Open enrollment is the time when your company employees can make a change their health insurance benefits or stop paying for it and get rid of it if they so desire. This is the time when your employees can make updates to the type of health insurance they elect or to reduce their current plan or increase their coverage plan to a more robust plan with higher coverages if available. It is a fact that across the country that many employees do not opt use this chance to change their coverage during the short time frame available during open enrollment. As an employee be sure you bypass these regular mistakes featured below that many employees make when open enrollment is available. The enrollment errors are as follows:
1. Open Enrollment Missed Deadline
Across the country there is not a set date for open enrollment to take place, but it normally is offered to employees in November and is open for around a couple of weeks to a month. The fact is when it comes to open enrollment if an employee does not take advantage of this opportunity to make changes it can have dire consequences for them. Employees need to take advantage of open enrollment.
When an employee misses the open enrollment window time frame, they are no longer able to change their policy to improve coverages or to reduce costs on the plan they choose to reduce their monthly expenses. Open enrollment is available outside the regular annual open enrollment period for marriage or when a baby is born, but normally that is the only exception.
When open enrollment is missed it is another year before any changes can be made, up or down. The cost of missing this window in missed coverages needed or reduced monthly premiums can be immense.
2. Enrolling Again with the Same Health Insurance Benefits Plan from the Year Before or More
Quite often employees will not think about making changes to their health insurance coverage plans, particularly if they have had the same plan for multiple years. It may be due to the fact that their worried about making a mistake if they make a change or they do not comprehend what new plans are available and what the plans offer so they do not even take a look.
The plan you carry now may be perfect for your health insurance coverage needs, but there may be better coverage with improved benefits available for just a few dollars more that would be far better for you. Be sure to take the time and do a complete review of all the health insurance coverage plans available and look all the components that must be factored in when making your decision. Review the following factors:
- Annual Deductibles
- Total Co-payments
- Generic and Non-Generic Prescription benefits
- Max Annual Out-of-picket Costs
3. Picking the Incorrect Plan for your Health Insurance Needs
During open enrollment there are important choices you are going to make that have far reaching consequences. That last thing you want is a health insurance plan that does not give you the coverage you require. Doing this can turn into more upfront payments you have to pay directly and big deductibles that might break your budget and that are hard to meet by years end. The problem you create for yourself is your willing to take lower coverage in hopes you don’t get ill.

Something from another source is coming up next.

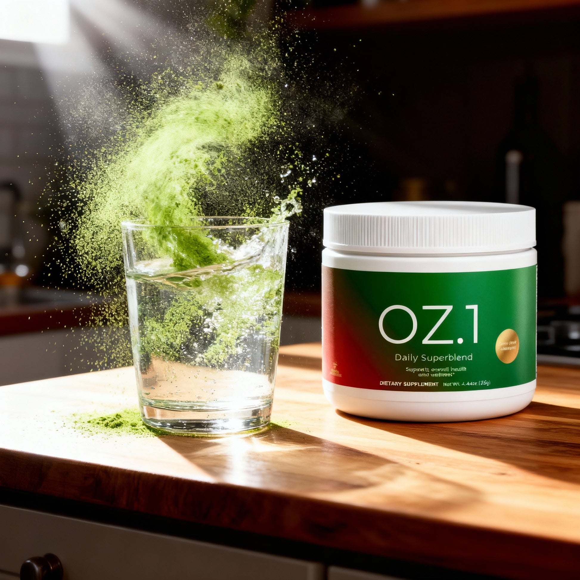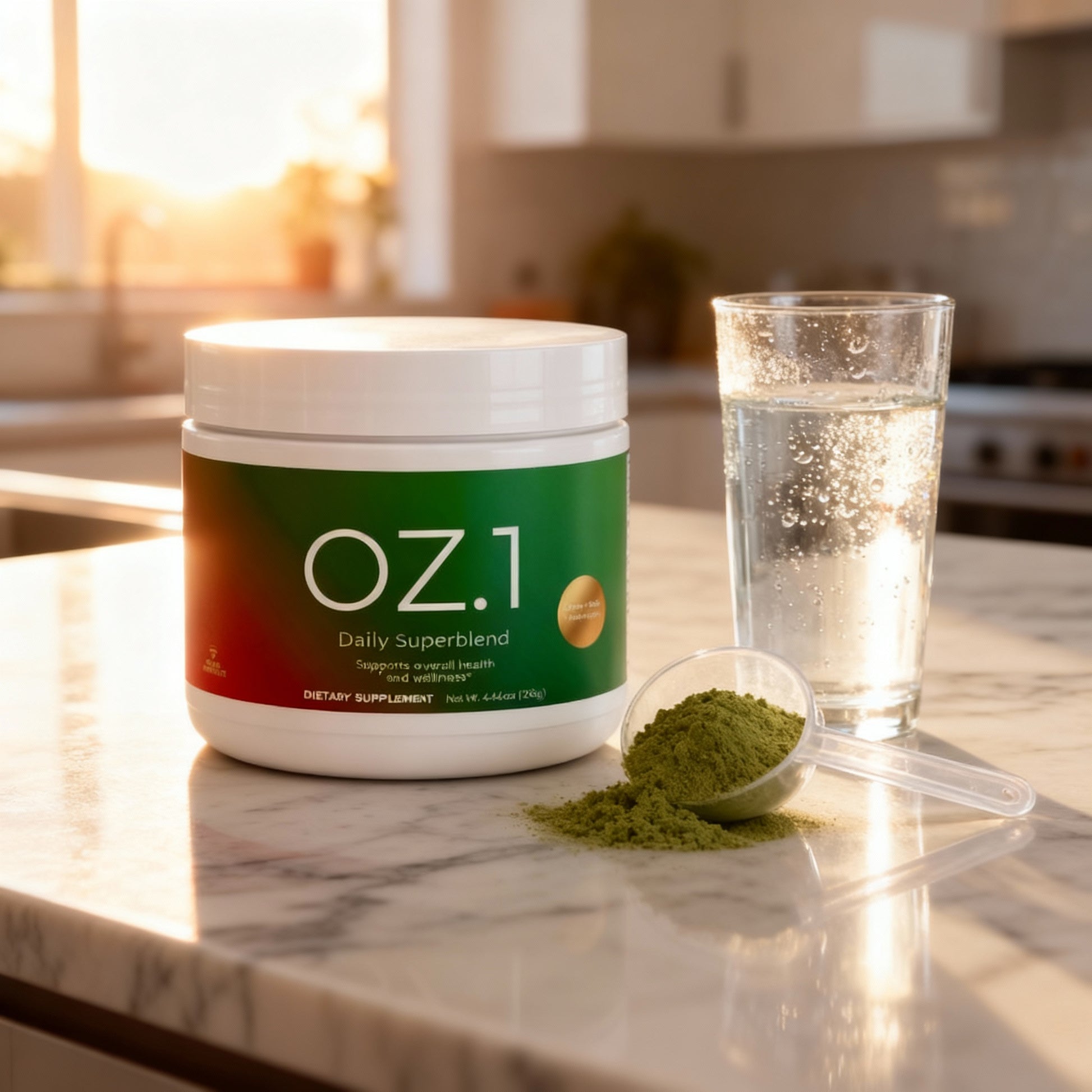 OZ.1 isn’t just a greens powder. It’s a complete daily superblend — greens + reds + adaptogens + real superfoods — crafted to support energy, digestion, recovery, and overall wellness in one scoop.

There is the coverage situation where you opt for too much coverage. This happens when you pick a health insurance plan with monster huge monthly insurance premiums, but your coverage never kicks in.
Employers need to check with the company’s Human Resources department to see the health insurance benefits plans the company offers features an online system component that helps both the company and its employees pick the best health insurance plan possible for the upcoming year of coverage. Many plans offer a system that allows you to enter data about your coverage needs and then it provides an selection of choices that fit your personal circumstances and needs.
4. Employees Not Knowing or Forgetting About Tax-Free Health Savings Account Plans
Employees that choose plans with a high annual deductible to save money on monthly premiums have the ability to set aside money from their wages or salary to accumulate savings for potential future medical expenses through a tax-free health care savings plan. There are specific rules and thresholds that must be met regarding deductibles and max out-of-pocket expenses, but those are easy to learn about and comply to.
When open enrollment time comes around available plans can be hard to understand and make decisions about, but do not let it overwhelm you. Review the tips offered here and check with your human resources department to get guidance on how to make the best decision. Then, make a move an choose a plan that fits all your needs. You will be glad you did.